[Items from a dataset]
────────────────

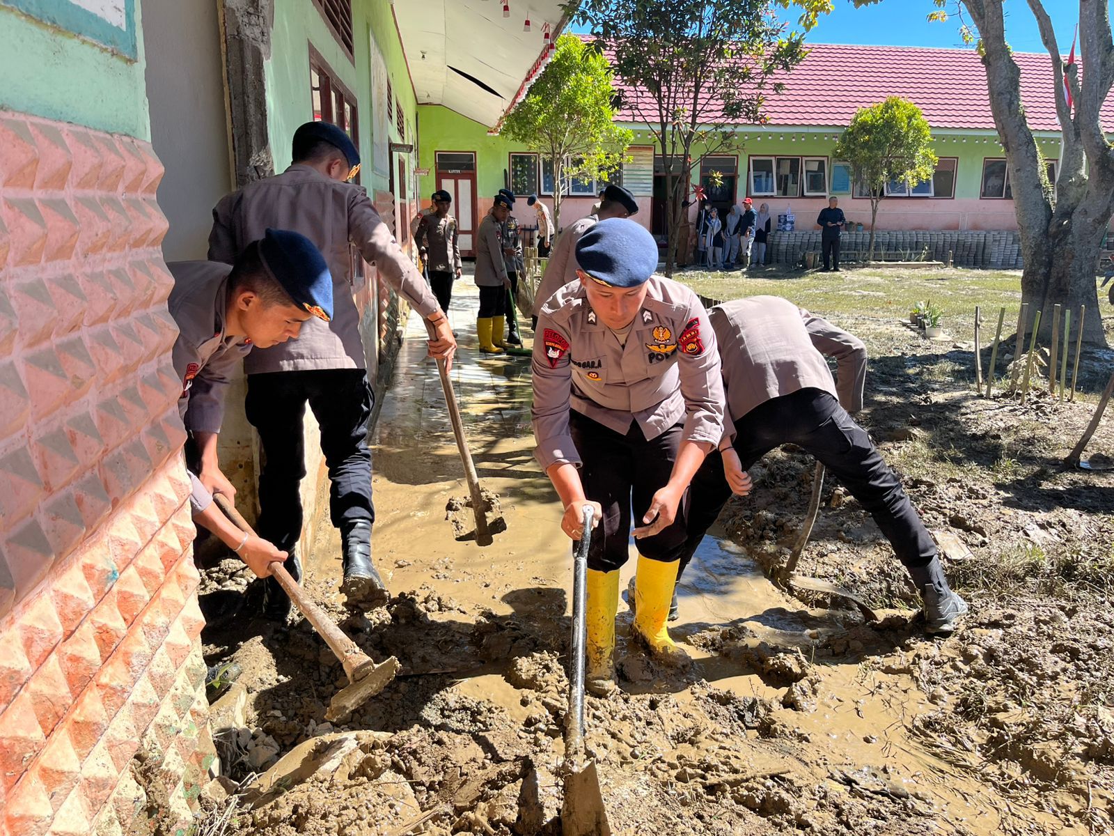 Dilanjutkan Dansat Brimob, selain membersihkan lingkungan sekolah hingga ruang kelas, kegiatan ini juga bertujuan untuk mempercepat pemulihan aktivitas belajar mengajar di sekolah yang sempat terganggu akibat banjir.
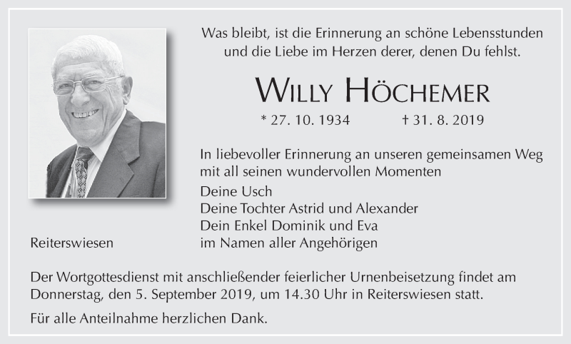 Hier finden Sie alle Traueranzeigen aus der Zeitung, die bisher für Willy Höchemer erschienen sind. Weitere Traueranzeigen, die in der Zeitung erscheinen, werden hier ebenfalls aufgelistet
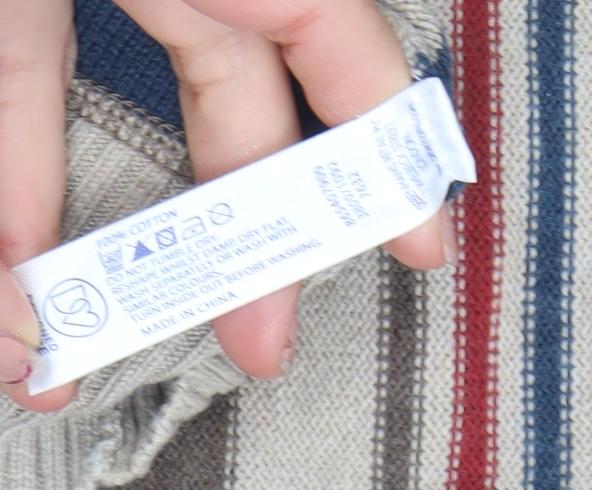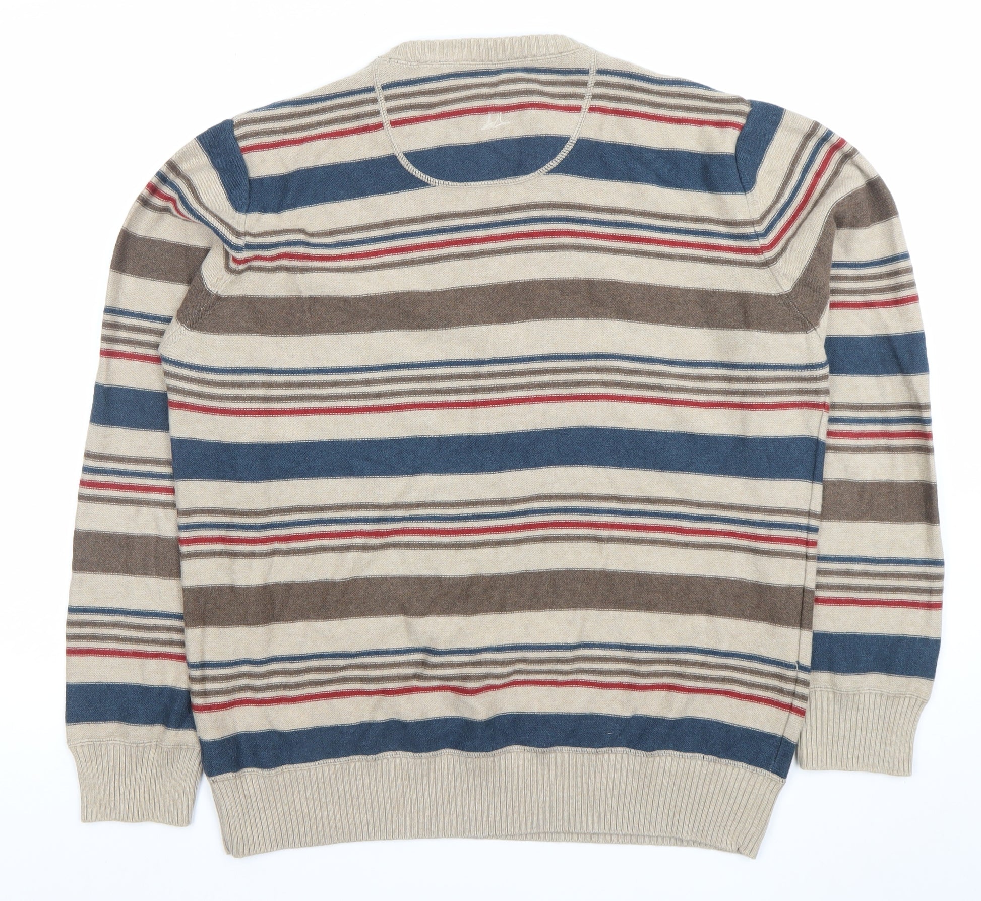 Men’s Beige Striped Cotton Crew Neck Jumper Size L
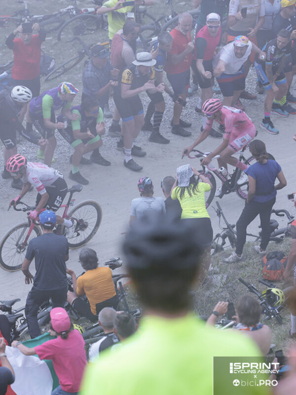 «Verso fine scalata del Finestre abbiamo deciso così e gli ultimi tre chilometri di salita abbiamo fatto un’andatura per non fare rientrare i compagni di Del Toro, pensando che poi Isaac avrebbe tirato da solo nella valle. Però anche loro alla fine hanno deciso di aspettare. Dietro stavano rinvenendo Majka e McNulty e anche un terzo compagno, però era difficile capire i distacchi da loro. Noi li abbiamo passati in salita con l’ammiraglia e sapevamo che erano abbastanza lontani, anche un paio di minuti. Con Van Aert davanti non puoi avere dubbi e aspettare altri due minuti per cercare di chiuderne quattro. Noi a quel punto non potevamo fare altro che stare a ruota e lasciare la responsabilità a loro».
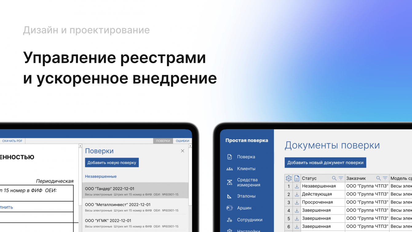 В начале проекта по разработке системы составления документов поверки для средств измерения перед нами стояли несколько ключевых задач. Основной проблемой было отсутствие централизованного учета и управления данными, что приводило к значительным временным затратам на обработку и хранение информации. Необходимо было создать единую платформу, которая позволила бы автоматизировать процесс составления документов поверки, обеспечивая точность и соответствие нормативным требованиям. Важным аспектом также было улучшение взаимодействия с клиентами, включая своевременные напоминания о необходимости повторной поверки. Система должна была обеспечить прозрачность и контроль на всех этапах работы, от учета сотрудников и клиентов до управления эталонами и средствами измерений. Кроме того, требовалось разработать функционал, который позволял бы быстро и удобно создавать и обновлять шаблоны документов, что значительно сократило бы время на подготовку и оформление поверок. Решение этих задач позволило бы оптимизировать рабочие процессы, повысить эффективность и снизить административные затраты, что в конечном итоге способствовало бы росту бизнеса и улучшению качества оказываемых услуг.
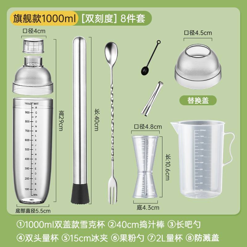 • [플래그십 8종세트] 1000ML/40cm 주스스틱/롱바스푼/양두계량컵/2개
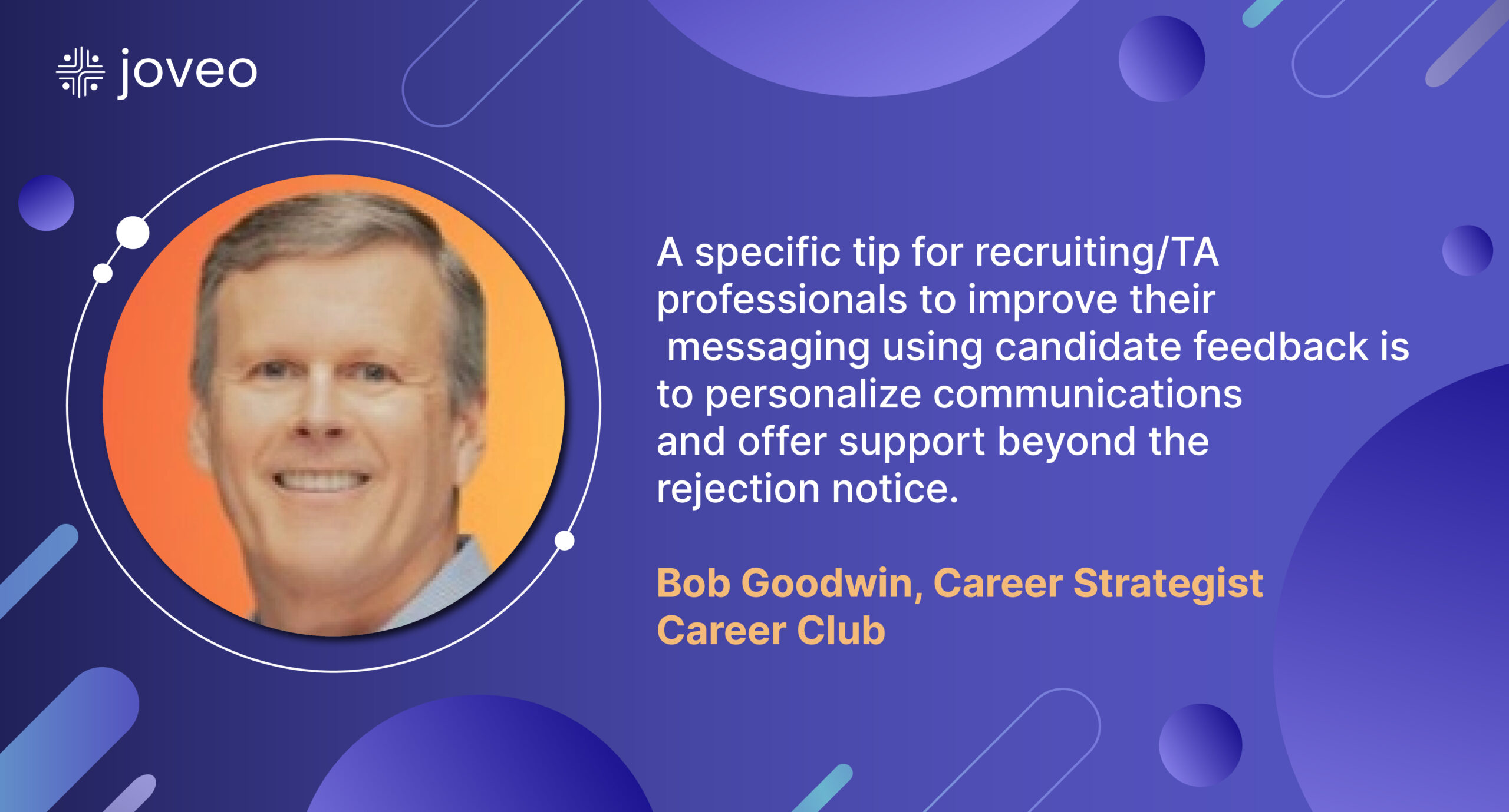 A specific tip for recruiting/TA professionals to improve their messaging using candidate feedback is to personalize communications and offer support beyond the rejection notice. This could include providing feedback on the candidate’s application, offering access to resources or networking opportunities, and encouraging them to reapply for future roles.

────────────────

Using the records above, output their complete text exactly, minus any images.

 Dilanjutkan Dansat Brimob, selain membersihkan lingkungan sekolah hingga ruang kelas, kegiatan ini juga bertujuan untuk mempercepat pemulihan aktivitas belajar mengajar di sekolah yang sempat terganggu akibat banjir.
 Hier finden Sie alle Traueranzeigen aus der Zeitung, die bisher für Willy Höchemer erschienen sind. Weitere Traueranzeigen, die in der Zeitung erscheinen, werden hier ebenfalls aufgelistet
 Men’s Beige Striped Cotton Crew Neck Jumper Size L
 «Verso fine scalata del Finestre abbiamo deciso così e gli ultimi tre chilometri di salita abbiamo fatto un’andatura per non fare rientrare i compagni di Del Toro, pensando che poi Isaac avrebbe tirato da solo nella valle. Però anche loro alla fine hanno deciso di aspettare. Dietro stavano rinvenendo Majka e McNulty e anche un terzo compagno, però era difficile capire i distacchi da loro. Noi li abbiamo passati in salita con l’ammiraglia e sapevamo che erano abbastanza lontani, anche un paio di minuti. Con Van Aert davanti non puoi avere dubbi e aspettare altri due minuti per cercare di chiuderne quattro. Noi a quel punto non potevamo fare altro che stare a ruota e lasciare la responsabilità a loro».
 В начале проекта по разработке системы составления документов поверки для средств измерения перед нами стояли несколько ключевых задач. Основной проблемой было отсутствие централизованного учета и управления данными, что приводило к значительным временным затратам на обработку и хранение информации. Необходимо было создать единую платформу, которая позволила бы автоматизировать процесс составления документов поверки, обеспечивая точность и соответствие нормативным требованиям. Важным аспектом также было улучшение взаимодействия с клиентами, включая своевременные напоминания о необходимости повторной поверки. Система должна была обеспечить прозрачность и контроль на всех этапах работы, от учета сотрудников и клиентов до управления эталонами и средствами измерений. Кроме того, требовалось разработать функционал, который позволял бы быстро и удобно создавать и обновлять шаблоны документов, что значительно сократило бы время на подготовку и оформление поверок. Решение этих задач позволило бы оптимизировать рабочие процессы, повысить эффективность и снизить административные затраты, что в конечном итоге способствовало бы росту бизнеса и улучшению качества оказываемых услуг.
 • [플래그십 8종세트] 1000ML/40cm 주스스틱/롱바스푼/양두계량컵/2개
 A specific tip for recruiting/TA professionals to improve their messaging using candidate feedback is to personalize communications and offer support beyond the rejection notice. This could include providing feedback on the candidate’s application, offering access to resources or networking opportunities, and encouraging them to reapply for future roles.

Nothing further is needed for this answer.